Abstract

The current (March/April 2014) issue of Evolutionary Anthropology is rare in that it contains two papers specifically critiquing the so-called “aquatic ape hypothesis” (abbreviated “AAH”, but better labelled, in the plural, “waterside hypotheses of human evolution.”). The first (Foley & Lahr, 2014) is a general assessment of the authors’ interpretation of the AAH and the second (Rae & Koppe, 2014) is a particular rebuttal of one specific idea—the sinuses for floatation hypothesis. This short paper is a response to both. It is argued that the first uses a straw man’s argument to characterize the so-called “AAH” as arguing for exclusively more aquatic adaptations than waterside proponents have in the past. Foley & Lahr’s paper is also unscholarly in that it does not draw upon the latest scholarly work. One chapter of that work re-defines and re-labels the “AAH”, which was of key importance to their paper. Rae & Koppe’s paper is harder to criticize but still contains some problems which the authors overlook in their strict rejection of the sinuses for floatation hypothesis.
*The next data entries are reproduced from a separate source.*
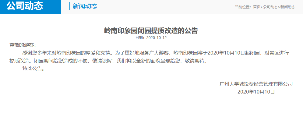 岭南印象园闭园提质改造的公告
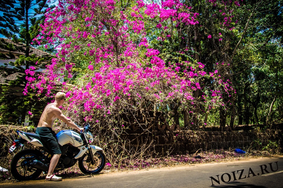 Ну все вырвались мы из этой толпы, идем к государственному такси, но тот тоже заряжает очень больную цену, надеясь обмануть нас, но мы сбиваем ее как нам надо, и едем довольные, рассматривая, не знакомые пейзажи и маленькие деревушки. Обгоняющие местные жители на своих скутерах и байках, заметив меня, улыбаясь, кивают головами, машут руками, так как меня, не сложно заметить в толпе, я белый как сыр пармезан. Дороги тут очень узкие, и порой двум машинам на одной дороге очень тяжело разъехаться. Проезжая деревни, ты понимаешь, то что цивилизация сюда добралась совсем недавно, тут нет никакого намека на пафос и гламур. На дорогах красная гоанская пыль, на обочинах опавшие листья, растущих вдоль дороги деревьев, и частенько встречаются коровы блуждающие вдоль дороги.
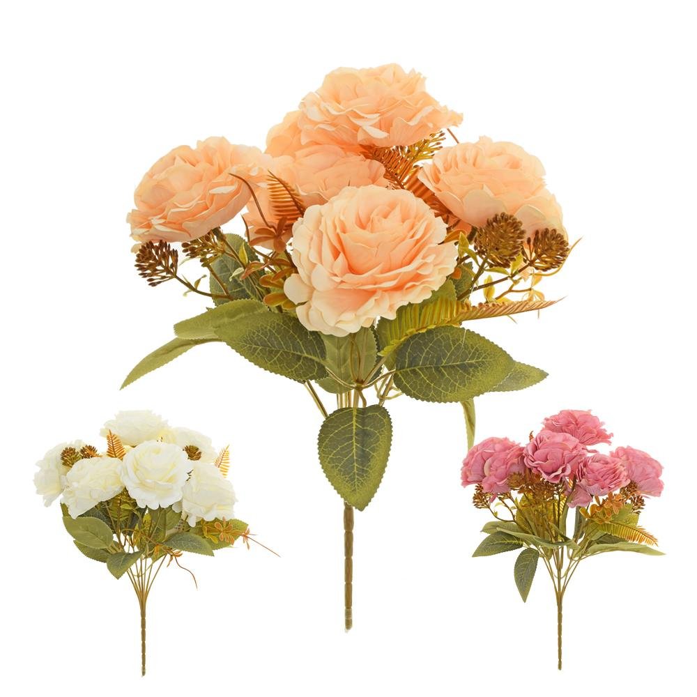 Dekorace Kytica ruža, zeleň mix/3f 35cm
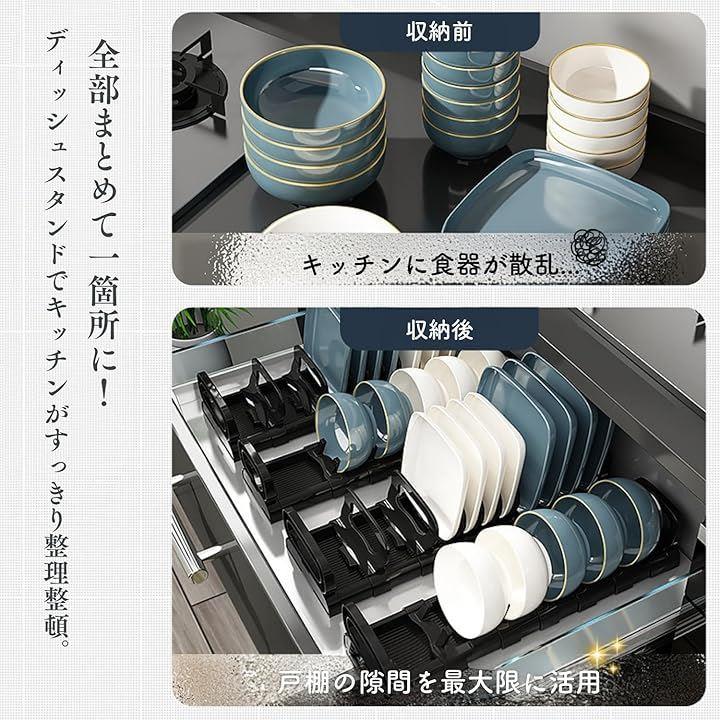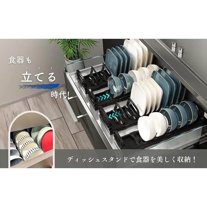 ディッシュスタンド 縦置き 省スペース おしゃれ キッチン収納 引き出し対応 アルミ製 錆びにくい 間隔調整可能 食器棚整理 軽量デザイン
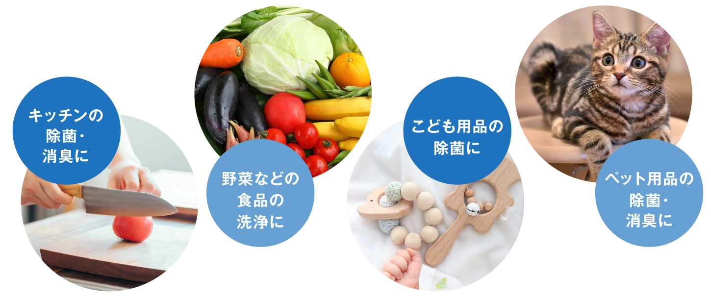 除菌、消臭、防カビ、抗ウイルスなど幅広いシーンでご利用いただけます。
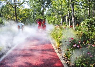 昨(3號)日,安德城市森林公園內設置多處噴霧裝置。記者 王貴彬 攝
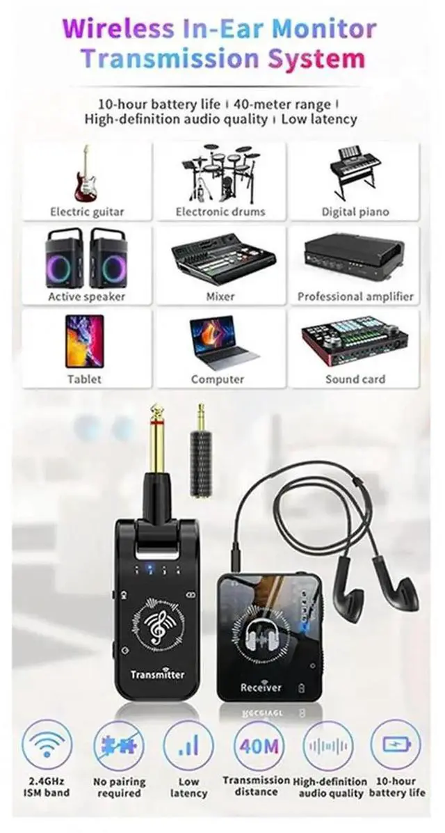 • 2.4Ghz Wireless Earphone Monitor Transmission System Stage Audio Headphone Transmitter And Receiver
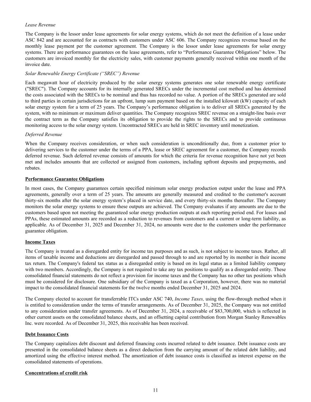 Lease Revenue The Company is the lessor under lease agreements for solar energy systems, which do not meet the definition of a lease under ASC 842 and are accounted for as contracts with customers under ASC 606. The Company recognizes revenue based on the monthly lease payment per the customer agreement. The Company is the lessor under lease agreements for solar energy systems. There are performance guarantees on the lease agreements, refer to “Performance Guarantee Obligations” below. The customers are invoiced monthly for the electricity sales, with customer payments generally received within one month of the invoice date. Solar Renewable Energy Certificate (“SREC”) Revenue Each megawatt hour of electricity produced by the solar energy systems generates one solar renewable energy certificate ("SREC"). The Company accounts for its internally generated SRECs under the incremental cost method and has determined the costs associated with the SRECs to be nominal and thus has recorded no value. A portion of the SRECs generated are sold to third parties in certain jurisdictions for an upfront, lump sum payment based on the installed kilowatt (kW) capacity of each solar energy system for a term of 25 years. The Company’s performance obligation is to deliver all SRECs generated by the system, with no minimum or maximum deliver quantities. The Company recognizes SREC revenue on a straight-line basis over the contract term as the Company satisfies its obligation to provide the rights to the SRECs and to provide continuous monitoring access to the solar energy system. Uncontracted SRECs are held in SREC inventory until monetization. Deferred Revenue When the Company receives consideration, or when such consideration is unconditionally due, from a customer prior to delivering services to the customer under the terms of a PPA, lease or SREC agreement for a customer, the Company records deferred revenue. Such deferred revenue consists of amounts for which the criteria for revenue recognition have not yet been met and includes amounts that are collected or assigned from customers, including upfront deposits and prepayments, and rebates. Performance Guarantee Obligations In most cases, the Company guarantees certain specified minimum solar energy production output under the lease and PPA agreements, generally over a term of 25 years. The amounts are generally measured and credited to the customer's account thirty-six months after the solar energy system’s placed in service date, and every thirty-six months thereafter. The Company monitors the solar energy systems to ensure these outputs are achieved. The Company evaluates if any amounts are due to the customers based upon not meeting the guaranteed solar energy production outputs at each reporting period end. For leases and PPAs, these estimated amounts are recorded as a reduction to revenues from customers and a current or long-term liability, as applicable. As of December 31, 2025 and December 31, 2024, no amounts were due to the customers under the performance guarantee obligation. Income Taxes The Company is treated as a disregarded entity for income tax purposes and as such, is not subject to income taxes. Rather, all items of taxable income and deductions are disregarded and passed through to and are reported by its member in their income tax return. The Company's federal tax status as a disregarded entity is based on its legal status as a limited liability company with two members. Accordingly, the Company is not required to take any tax positions to qualify as a disregarded entity. These consolidated financial statements do not reflect a provision for income taxes and the Company has no other tax positions which must be considered for disclosure. One subsidiary of the Company is taxed as a Corporation, however, there was no material impact to the consolidated financial statements for the twelve months ended December 31, 2025 and 2024. The Company elected to account for transferrable ITCs under ASC 740, Income Taxes, using the flow-through method when it is entitled to consideration under the terms of transfer arrangements. As of December 31, 2025, the Company was not entitled to any consideration under transfer agreements. As of December 31, 2024, a receivable of $83,700,000, which is reflected in other current assets on the consolidated balance sheets, and an offsetting capital contribution from Morgan Stanley Renewables Inc. were recorded. As of December 31, 2025, this receivable has been received. Debt Issuance Costs The Company capitalizes debt discount and deferred financing costs incurred related to debt issuance. Debt issuance costs are presented in the consolidated balance sheets as a direct deduction from the carrying amount of the related debt liability, and amortized using the effective interest method. The amortization of debt issuance costs is classified as interest expense on the consolidated statements of operations. Concentrations of credit risk 11

If one understands that waterside hypotheses of human evolution are simply postulating that major phenotypic differences between humans and chimps are the result of a (perhaps slight) differential in the selection from wading, swimming and diving, they cannot be ridiculed as belonging in the same “crazy box” as creationism as Henry Gee recently argued and must take their place within mainstream physical anthropology.